All of this means that the user can run a large set of data through an analysis
pipeline without having to worry about data management or how to set up a
massive set of slurm jobs.

## Pipeline usage

All of the pipelines at the NVI have a command line that follow the basic format:

```bash
name_of_runscript.sh name_of_nfscript.nf configfile.conf profile output_dir
```
The parts are:

- name_of_runscript.nf: each pipeline has a runscript. This is a bash script where some settings are set. In addition, in most of the pipelines this script also saves the version of the scripts, and the config file in a separate directory
- name_of_nfscript.nf: each pipeline has its own nextflow file. This is the name of that script.
- configfile.conf: each pipeline needs a way of figuring out which reads to run on, which options to give to programs, etc. That is specified in this file. This is in most cases the ONLY file you need to edit to run the pipeline.
- profile: this is an option to the pipeline, which tells the pipeline which file to read to understand which computer settings to use. This is a file that lives inside of the pipeline that the user does not need to worry about.
- output_dir: this is the name of the output directory that the results will be run in.

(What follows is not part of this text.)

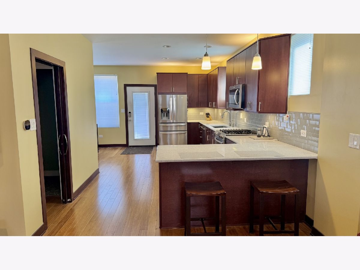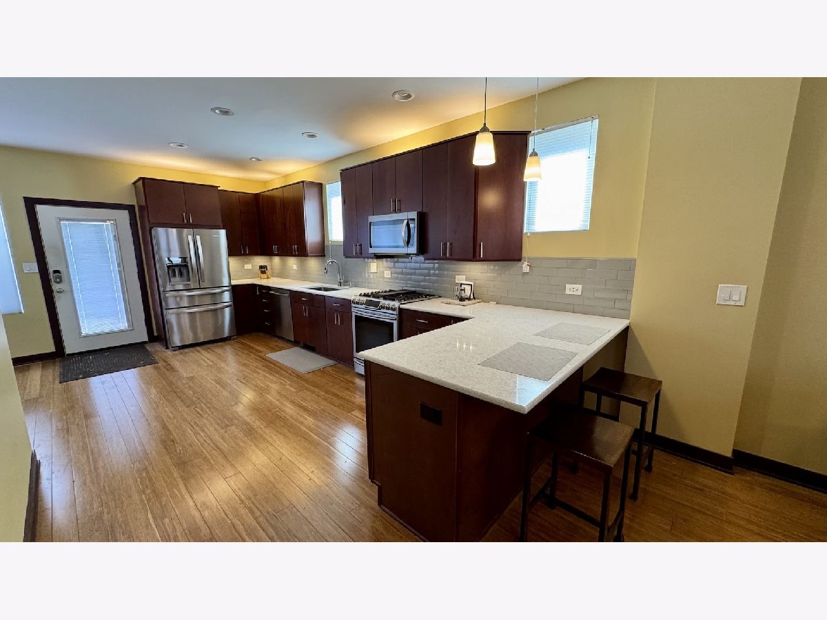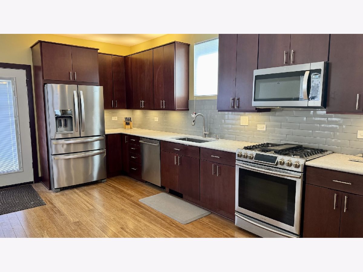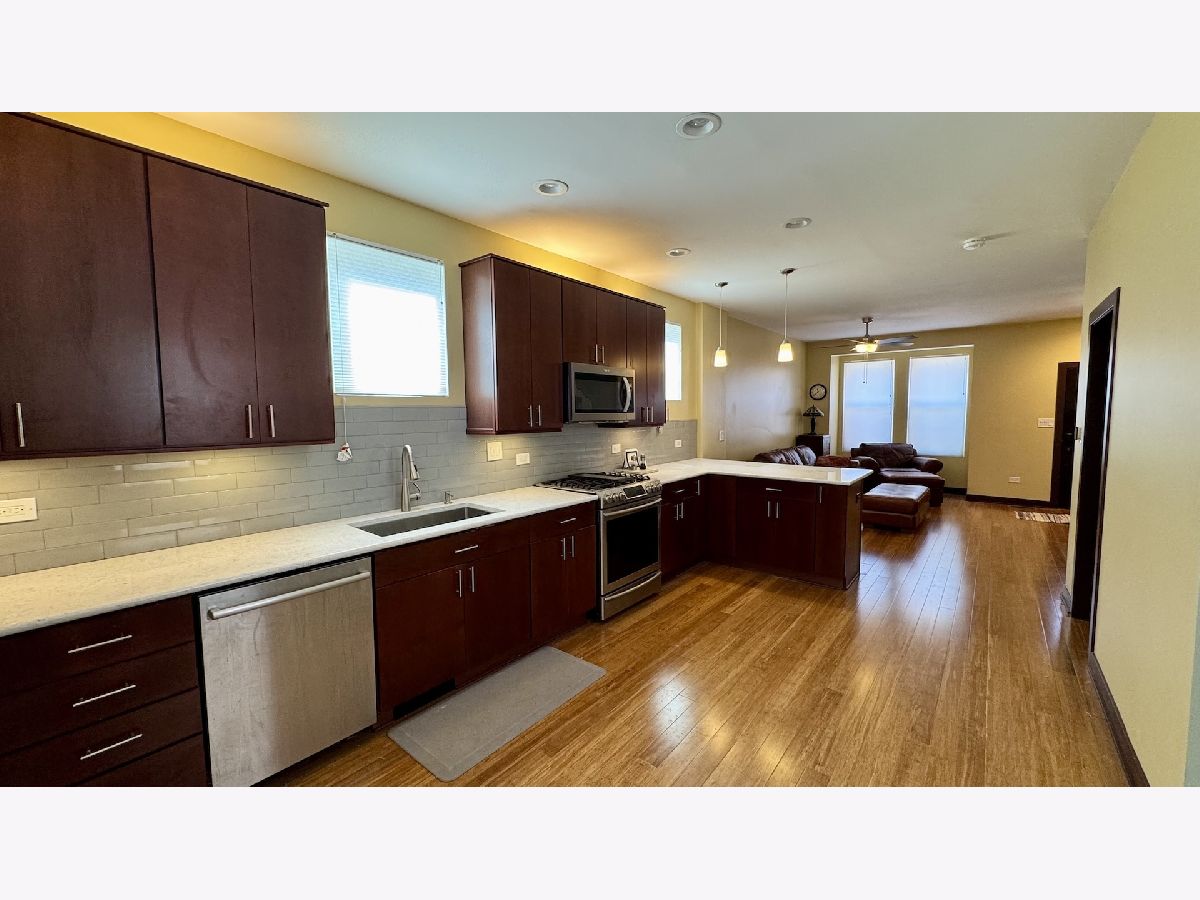 You will love this spacious, rehabbed, 3 bed / 1.5 bath, brick single family home with three levels (first floor, second floor and basement) and: A great layout with: a living room (17 X 15) with bamboo flooring, an open kitchen and dining area, good sized bedrooms with new carpeting and window treatments (2025) and ceiling fans! A full, unfinished basement with your own, newer washer and dryer! A renovated (2022), eat-in kitchen: quartz countertops, ample cherry cabinets, and stainless-steel appliances, including a dishwasher and microwave! A fenced back yard with a patio and porch! A2 car garage! Feel secure renting from a thoughtful landlord who takes great care of his property. Recent renovations include: new roof (2024), new dryer (2024), new deck and sidewalks (2023), new hot water heater (2023), Central AC (2023) and updated furnace (2021)! At no additional cost, there is an option to keep or have the landlord remove the furniture. Outstanding Logan Square / West Bucktown location (Bloomingdale and Washtenaw), on a sunny corner lot, right across from the Bloomingdale Trail (The 606). This great location offers easy access to: public transportation (the Blue Line, CTA buses), the highway, miles of parks & boulevards, and some of Chicago's best restaurants, shopping, cafes, and nightlife! Please review Agent Remarks before setting up the showing.

## How does this system work?

All the pipelines live in this directory:

```bash
/cluster/projects/nn9305k/vi_src
```

Each pipeline has its own runscript.

When a pipeline is run, the input to the pipeline has to be described in the configfile. All of the pipelines use the same setup for this: this is a directory where all of the raw data is stored. All of the data inside of this directory will be analyzed. The best way of setting this up is by having the raw data stored in the designated raw data directory, and then symlinking it into your analysis directory. This method makes it easy to edit the dataset that is used for an analysis.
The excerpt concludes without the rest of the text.